They can get large numbers of them cheap, and their system is good at detecting and replacing bad drives, so why not use them?
Maybe it's just my social/business groups, but "because reasons" doesn't have to have a negative meaning. I use it as more a statement of fact: There are reasons for this.
They have over 20 thousand HGST drives now, according to this year's report, which seems significant to me.
They continue to have lower failure rates than the Seagates.
If you're an individual person with a 12-drive ZFS RAIDZ2 with hotspare, in a file server in your garage or something, you might prefer to pay the premium to buy HGST, because what if you have a double drive failure during a three week period while you're on vacation out of the country?
That Seagate 10 TB was the singular standout in terms of reliability. Maybe it is worth checking out.
You can't argue with results.
Sometimes, personality dynamics cause certain approaches to work better than one might prefer. :)
I would be surprised if the number of drives they have is actually "statistically insignificant" \* but I haven't crunched the numbers.
\* By this I guess you mean that the null hypothesis of "they have the same failure rate" is not rejected.
Granted, I'm not a hardware guy so my takeaway could've been wrong, but that's what it looked like to me when reading them.
I'd expect on next year's report, those particular drives will show up as 49 drives with around 42000 drive days, assuming they aren't replaced by then.
If you have terabytes to back up, are there still any backup services left that'll let you ship them a drive for a faster initial backup?
> If you have terabytes to back up, are there still any backup services left that'll let you ship them a drive for a faster initial backup?
Backblaze offers a "Backblaze Rapid Ingest Fireball" to allow you to ship us 60 TBytes of data on an appliance.
If you only have 2 - 10 TBytes, I suggest you get a faster network connection, or carry your laptop to a location (like your work place, or a library, or your neighbor's house) with a fast connection and just upload it. You might be surprised how easy and fast it is to upload a couple of TBytes nowadays. Using the Backblaze Personal Backup with 30 threads, I can upload about 1 TByte every 12 hours or so. So if you can leave your laptop at your workplace for 4 days you can upload 8 TBytes, then bring your laptop back home for the incrementals.
> please add ability to comment on snapshots
Actually, very very quietly as part of the 6.0 release (4 days ago), we now allow you to "name your snapshot".
While this is not a comment, and you can't change the name LATER (so useless to old snapshots), at least going forward you can put up to about 1,000 characters of description in the snapshot name.
Backblaze "Best Practices" recommends you get fully backed up within 30 days, but honestly we won't be bothered and cut you off even if it takes 6 months to upload your whole backup. As long as you are aware of the exposure for the first two months (where only half your data is backed up), I still think this would be FINE for somebody with 10 TBytes.
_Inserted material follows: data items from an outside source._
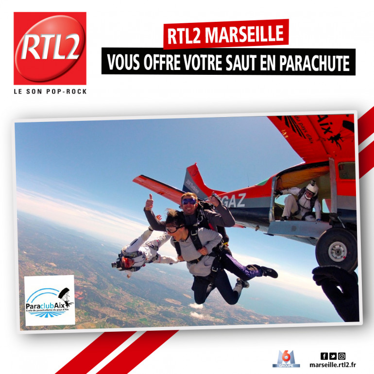 Cette semaine, RTL2 Marseille, vous offre votre saut en parachute en tandem avec le PARACHUTE CLUB D'AIX EN PROVENCE le seul centre de parachutisme entre Aix en Provence et Marseille.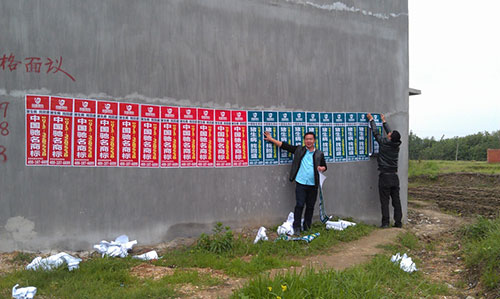 不知不覺一路貼到陳河鎮上,大家加快了進度,沒多久,古鎮主街道兩側的電線桿上就貼滿了回盛的品牌宣傳畫。我們驚喜的發現,鎮上一家希望獸藥店,在店門口醒目的位置還打出了“回盛股份新華星動保連鎖獸藥應城銷量第一”的標語。老板談起銷售業績一臉歡喜,看得出來回盛旗下的產品在鎮上比較暢銷,市場占有率很高。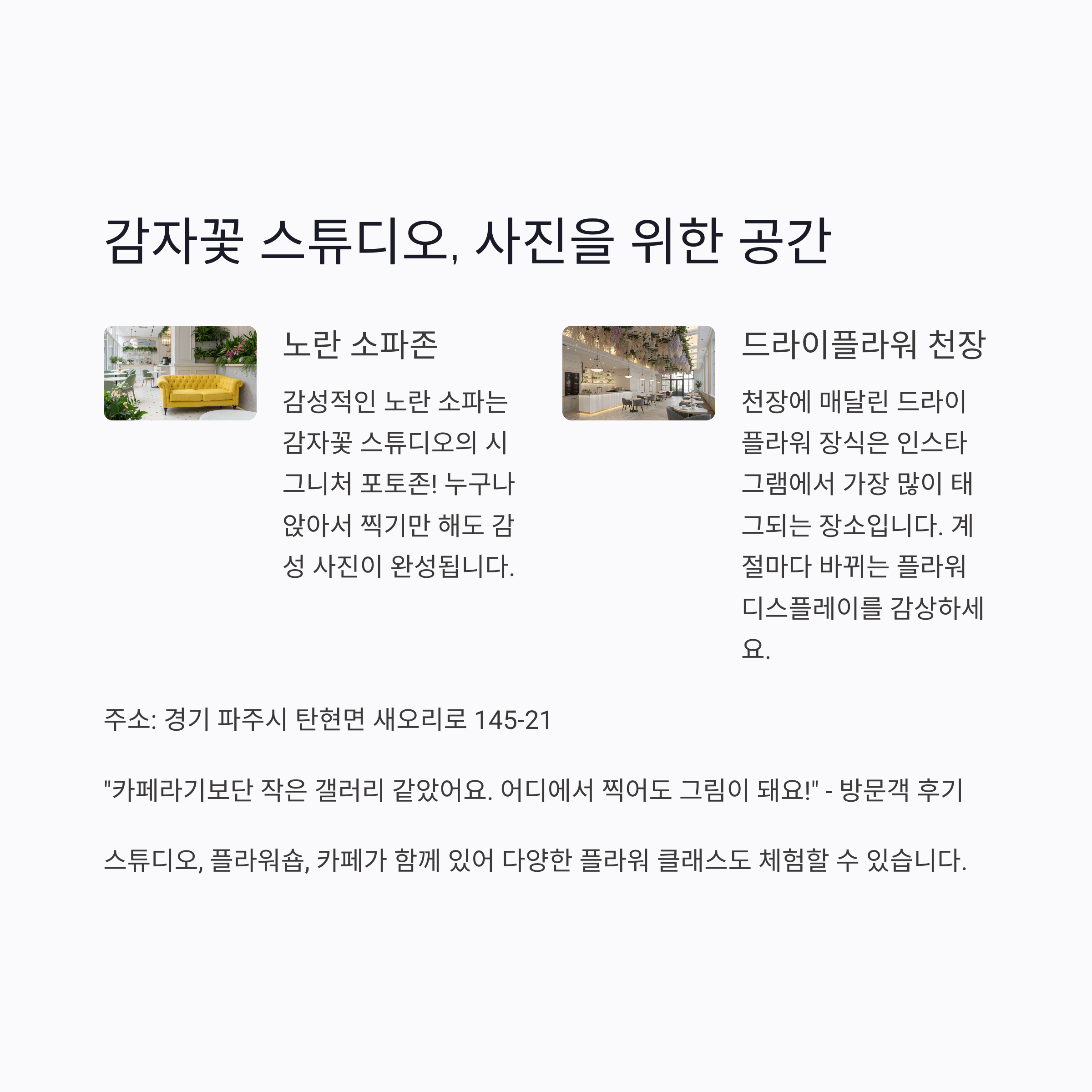 스튜디오, 플라워숍, 카페가 함께 있어 다양한 감성 사진을 남길 수 있으며, SNS에서 '파주 감성 카페'로 검색되는 대표 장소입니다.즐길거리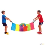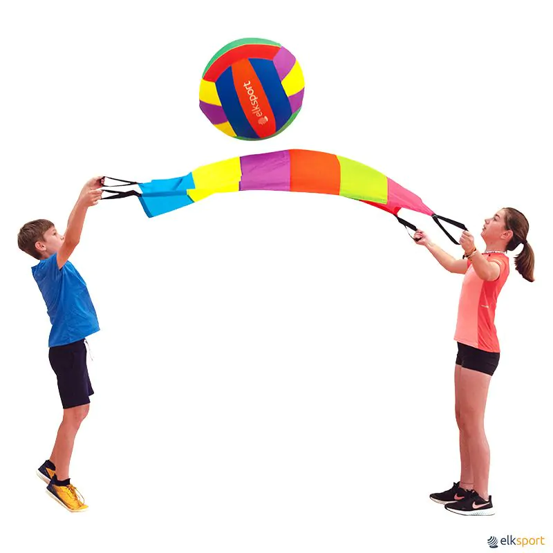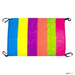 Estes paraquedas em cores brilhantes do arco iris tornam as atividades em grupos mais atrativas. De maior dimensão que o paraquedas por pares tradicional, facilita as atividades com objetos maiores. Confecionados em poliéster resistente e 4 pegas, permite a 2 pessoas atividades de cooperação e coordenação lançando e recebendo objetos. Também podem ser utilizadas em atividades de expressão corporal.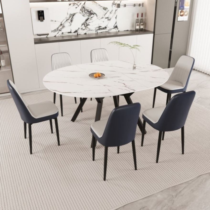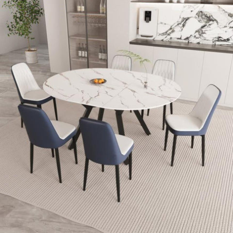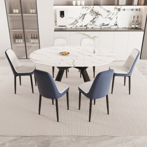 47-63" expandable circular dining tables , equipped with 6 PU fabric thick cushioned dining chairs 28870621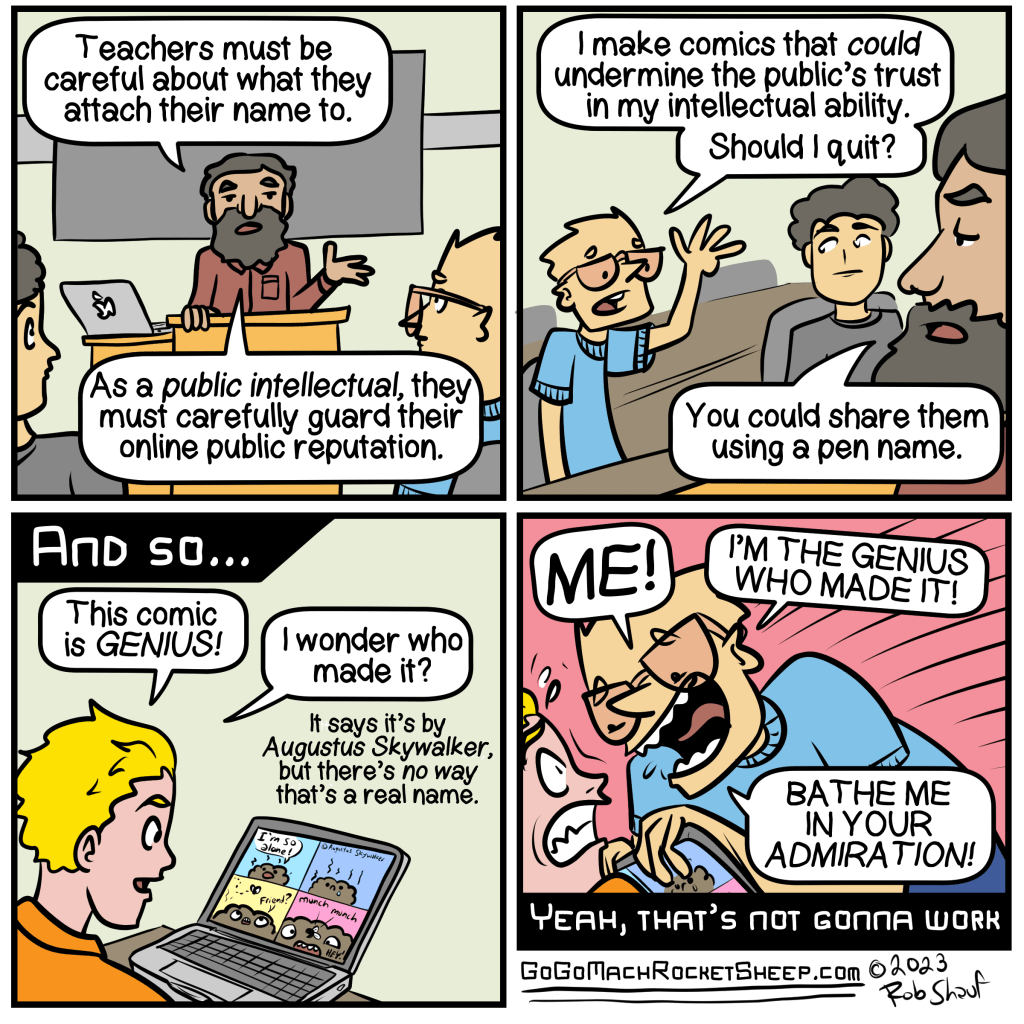 The ‘pen name’ situation I’ve articulated in the last comic is exactly accurate: I don’t think that would work for me. I’ve come to realize that I get equal parts satisfaction MAKING and SHARING the comic. I don’t think I’d feel satisfied if Augustus Skywalker was getting the credit for something I made, even if it is only a handful of likes on facebook, or a few hundred upvotes on reddit, or whatever. Vanity, thy name is: Shauf.
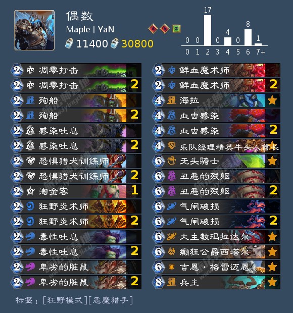 能同时大优暗牧和龟法的卡组找到了,面对号角骑也不落下风,打otk就只能看脏鼠换手的羁绊了。卡位调整上,无头和655可以优化,换成冻步、鲍勃、石酒、855任选。牛里带海绵斧、帕奇维克、基尔加丹,鸡蛋也可以换解牌(残骸遍野、邪爆)或者海星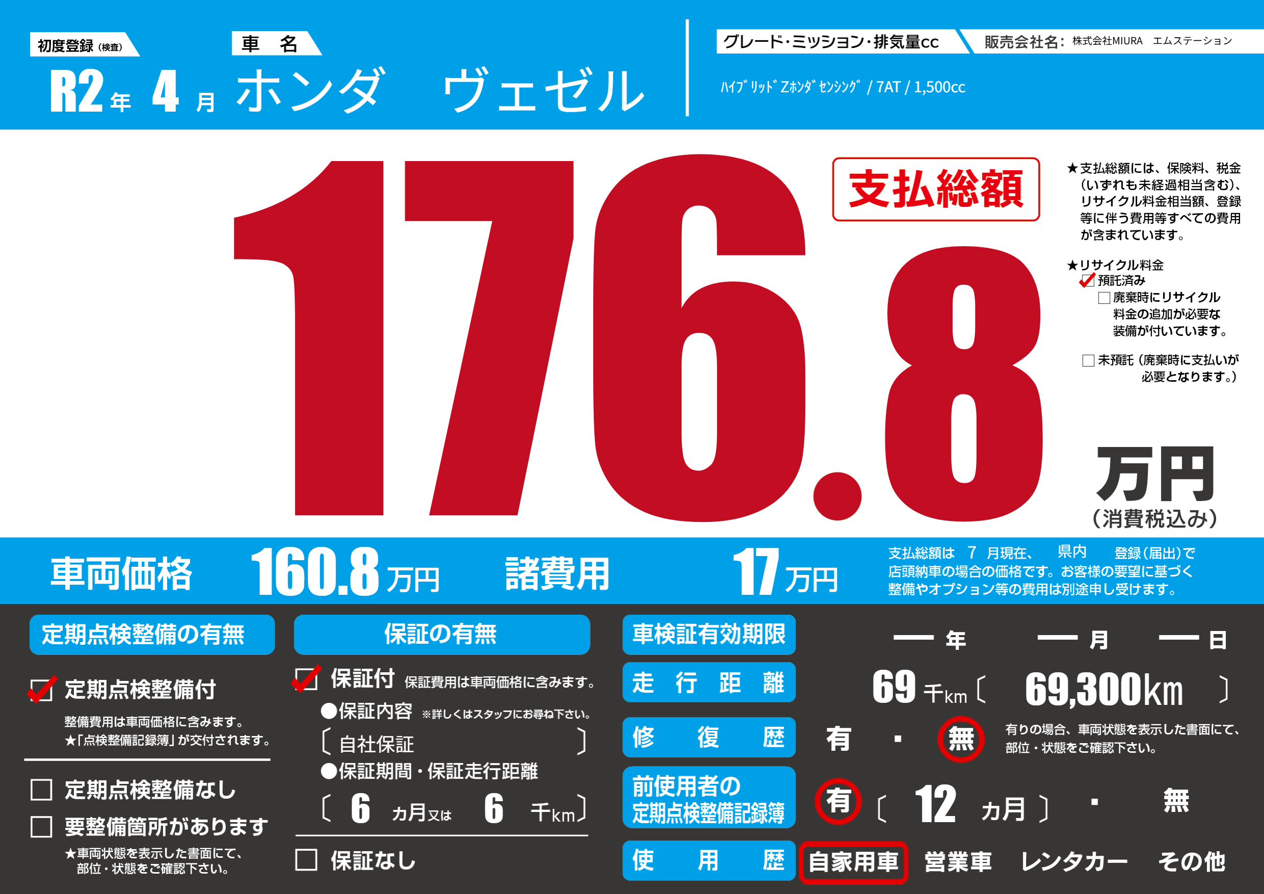 | 車名 | ホンダ ヴェゼル | グレード ミッション 排気量 |

If you do something like this, the only thing you have to know is Backblaze backs up files in "size order". Small files first. So maybe if your digital movies are more replaceable than your pictures, you might be through 5 TBytes of photos in the first month and be "protected enough" to live with?
Funny story: I'm kind of unusual that I run an open WiFi hotspot in my home, because I have plenty of unused bandwidth and guests in my house and even neighbors are welcome to borrow some of it anytime. But one of my neighbors one time downloaded illegal content on my WiFi (the exact name of the "True Blood" episode was included, with a date and time), and I got a "cease and desist" letter from the ISP. (sigh) I felt it was pretty rude of my neighbor. I mean, just because I leave my car door open in my driveway doesn't mean it isn't rude of you to use my car as a getaway car in a robbery, you know?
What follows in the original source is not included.